Three companies indicted by the U.S. Justice Department are in Hubei Province. The local government has included boosting the production of fentanyl APIs and fentanyl products as a priority in its Implementation Plan for Developing an API Production Base for 2021-2025, which was announced in July 2021. Developing the API industry is not merely a local policy but aligns with a broader national industrial policy. In October 2021, the National Development and Reform Commission and the Ministry of Industry and Information Technology jointly issued a Notice on the Implementation Plan to Promote the High-quality Development of the API Industry. One of the primary objectives outlined in this Notice is to improve the self-sufficiency of API supply chains and enhance the competitiveness of China’s pharmaceutical industry.  

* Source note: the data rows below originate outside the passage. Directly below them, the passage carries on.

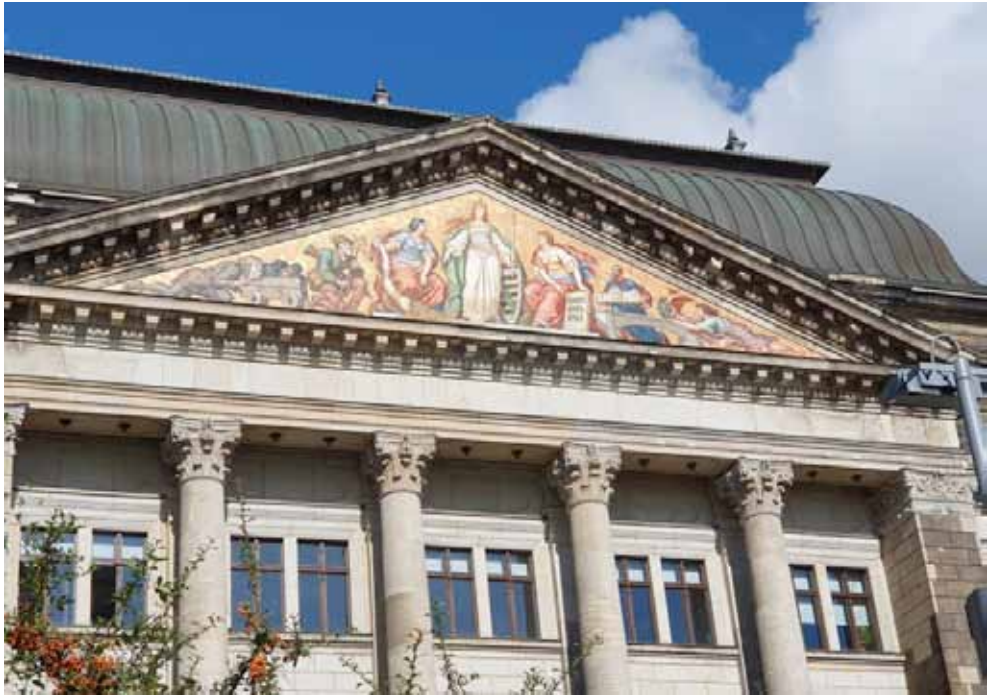
Giebelbild des Sächsischen Staatsministeriums für Finanzen
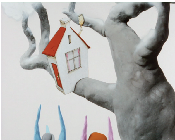
Une Maison de Koji Yamamura
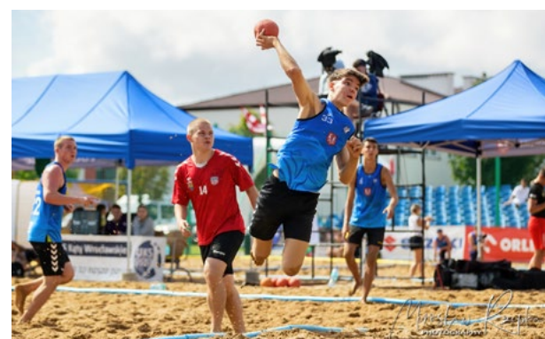
Zacięta walka kąckiej drużyny

MKS Brodnica, która w emocjonującym finale pokonała KPR Feniks Lubliniec. W rywalizacji mężczyzn triumfowała natomiast ekipa MKS Mazur Sierpc, która w finale pokonała swoich przeciwników, pokazując doskonałe przygotowanie i determinację. Ten widowiskowy i pełny sportowych emocji turniej przyciągnął nie tylko miłośników piłki ręcznej, ale także całe rodziny, dzięki licznym atrakcjom towarzyszącym zawodom. Wśród dodatkowych aktywności znalazły się konkursy, takie jak „Jaka to melodia” oraz konkurs fotograficzny na najlepsze zdjęcie wykonane na piasku. Patronami turnieju była Burmistrz Miasta i Gminy Kąty Wrocławskie oraz Wójt Gminy Kobierzyce. Dziękujemy wszystkim uczestnikom i sponsorom za stworzenie fan-
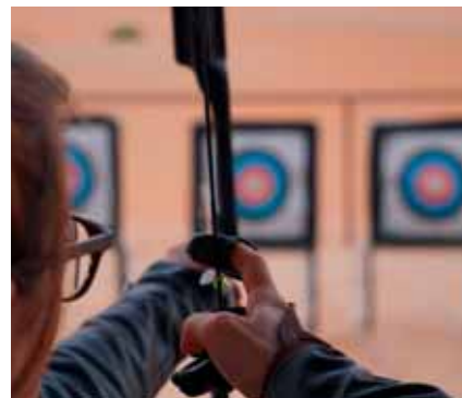
Bogenschießen war Teil der Desert-Challenge.

Der letzte Punkt auf der Aktivitäten-Liste gestaltete sich dann etwas beschaulicher – zumindest ab dem Punkt, an dem das Kamel endlich stand. Denn das Aufstehen dieses Tieres, während man auf seinem Rücken sitzt, ist etwas gewöhnungsbedürftig. Doch dann ist es ein befremdliches, aber gleichzeitig besonderes und gemütliches Gefühl. Auf dem Rücken eines Kamels ab durch die Wüste. Nach diesem kleinen „Ausritt“ ging es dann für uns schon wieder weiter. Wir mussten uns von den Weiten der Rub-al-khali verab-
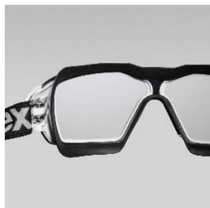
Large champ de vision
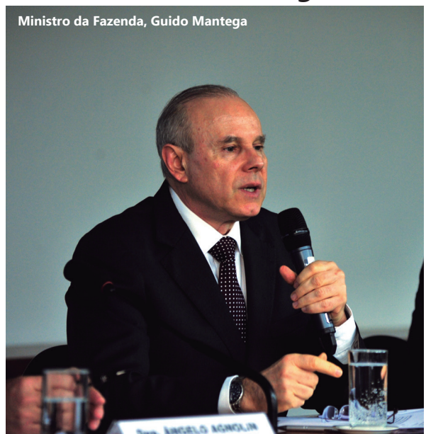
Ministro da Fazenda, Guido Mantega

O ministro da Fazenda, Guido Mantega, em audiência pública (27/6) na Câmara rebateu críticas à política econômica do Governo e reforçou sua confiança na solidez da economia brasileira. A audiência envolveu quatro comissões da Casa. Pela CDEIC, requereu o deputado Mandetta (DEM/MS).
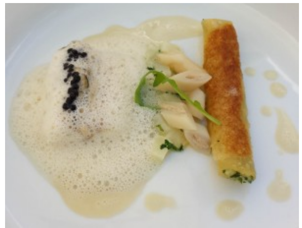
Bar en croûte d'huître à l'assiette
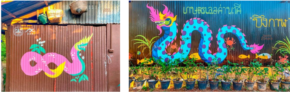
ภาพที่ 6 รูปพญานาค ศิลปะในชุมชนบ้านซี้เหล็กใหญ่

งานสตรีทอาร์ต ทางภาคเหนือได้รับความนิยมอย่างสูงสุด ซึ่งปรากฏอยู่ทุกจังหวัด ตั้งแต่ เชียงราย เชียงใหม่ ลำปาง สุโขทัย แทรกซึมอยู่หลายชุมชน เมืองเชียงใหม่ มีงานสตรีทอาร์ตเป็นชุมชน เรียกได้ว่าเป็น STREET ART IN TOWN อยู่ในย่านชุมชนถนนวัวลาย ถนนมูลเมือง หลังคูกเก่า วัดล่วมช้าง วัดดวงดี ฯลฯ ภาพที่ปรากฏจากศิลปินมีทั้งแสดงลักษณะ คาแร็กเตอร์ต่าง ๆ ของศิลปิน ที่สัมพันธ์กับบริบทเรื่องราวในพื้นที่นั้น ๆ ได้อย่างลึกซึ้ง นอกจากงานบนกำแพงแล้วยังพบงานสตรีทอาร์ตที่ปรากฏอยู่บนตู้โหลดของการไฟฟ้าส่วนภูมิภาค บริเวณถนนสายท่าแพ เป็นภาพที่แสดงออกถึงลวดลายจากวัฒนธรรมท้องถิ่น เช่น ลายผ้าทอต่าง ๆ แสดงความเป็นอัตลักษณ์อย่างชัดเจน
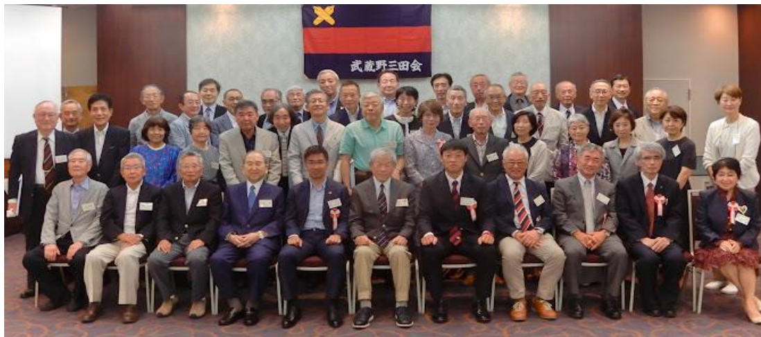
【2023年5月27日(土) 武蔵野三田会 第40回総会 吉祥寺 東急REIホテル】
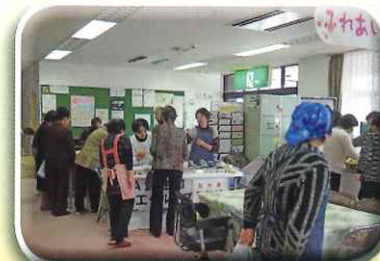
各団体によるバザー
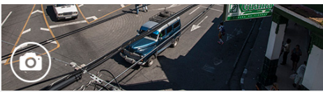
Pinar del Río desde lo alto
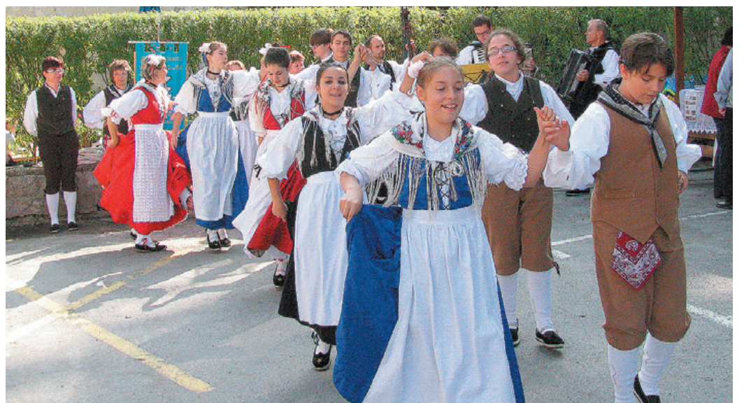
Na odru pri kavarni Veronika so svoje tradicionalne plesne prikazali folkloristi iz Nimisa, okolice Vidma.
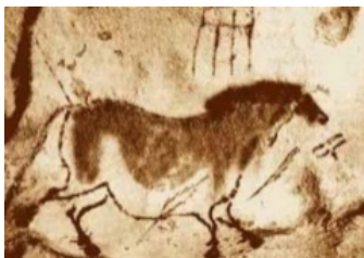
نقاشی‌های دیواری غار دوشه در لرستان، حدود ۸۰۰۰ سال پیش از میلاد
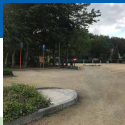
Verbeteren accommodatie Chiro en uitbreiden parking Bosuil- een win-win
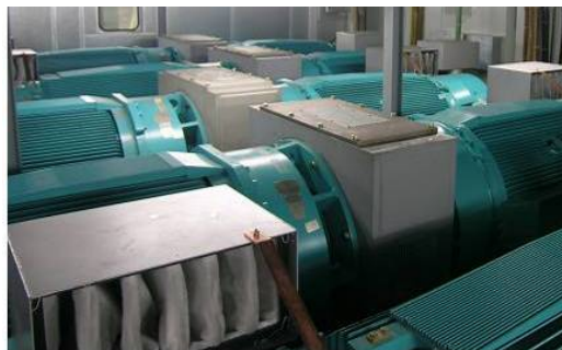
図2 組合せ試験装置

弊社コンバータの特徴は、ほとんど主要な発電機メーカーの発電機と組み合わせることが出来る点です。またモジュラー設計を行っているため容易に 600kW から 6MW の風車にまで搭載することができ、良好な稼動を続けています。また先進的な FRT (Fault Ride Through) 機能は国際 Grid Code をカバーするだけでなく機械的ストレスを低減する機能をも実現しています。風車はその特性から、設置される場所が様々であり、 -30^{\circ}\text{C} からの運転や +50^{\circ}\text{C} での運転、あるいは洋上、陸上を問わず過酷な運用環境に耐える堅牢さを兼ね備えています。
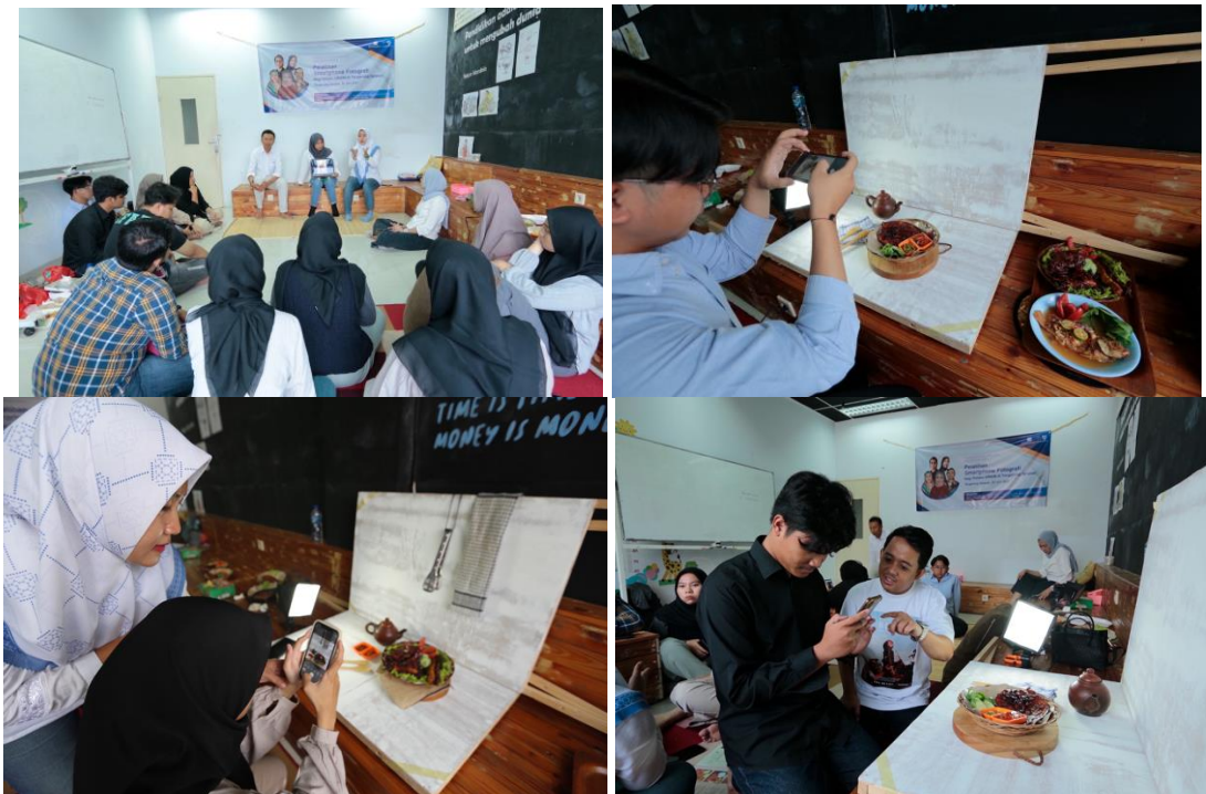
Gambar 3. Pendampingan teori dan praktika fotografi
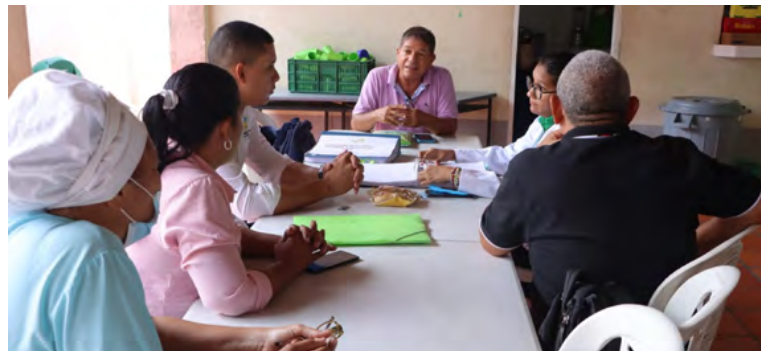
Inspección de verificación al PAE realizada por la Secretaría de Educación de Riohacha.

“Este ha sido el PAE en la sede 12 de octubre del IPC en el distrito de Riohacha, en lo corrido de la semana. Por ello es necesario que el PAE deje de ser un supuesto complemento y se convierta en un menú completo, que garantice los requerimientos nutricionales de nuestros
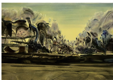
牧野 優希【春暁】 2023年、1,167×727
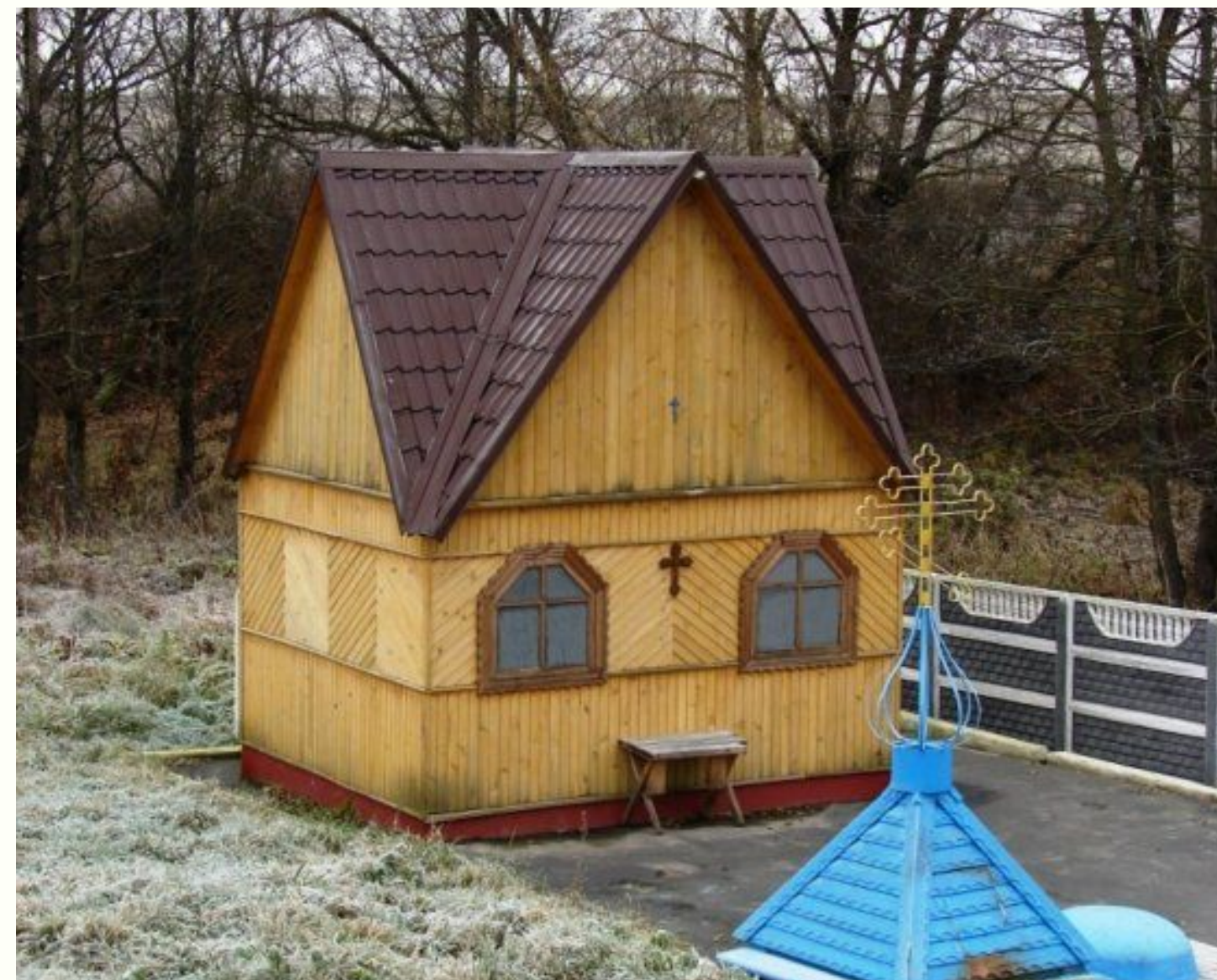
Брянская область, Любохна. Часовня иконы Божией Матери "Неупиваемая Чаша"

Заканчивается праздник к вечеру. Все желающие спешат набрать святой воды и окунуться в купели в честь иконы «Неупиваемая чаша», которая находится недалеко от храма-часовни, прямо на въезде в наш посёлок.
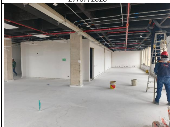
Instalación de Pisos 30/07/2025

China is already the world’s top API-producing and exporting country, and its chemical industry has been the largest in the world by revenue since 2011. Guided by industrial policies, the number of small-scale intermediate producers will likely increase before the sector consolidates. Due to narrow profit margins and intensifying competition among small producers, there is a risk that certain opportunistic firms may venture into supplying various precursors for synthetic drugs, including but not limited to fentanyl and fentanyl-related substances, in addition to chemicals that have legitimate use but are nonetheless in demand for illicit uses. The flexibility and adaptability of these smaller operations also enable them to swiftly adapt their production processes to accommodate new synthetic drug formulas.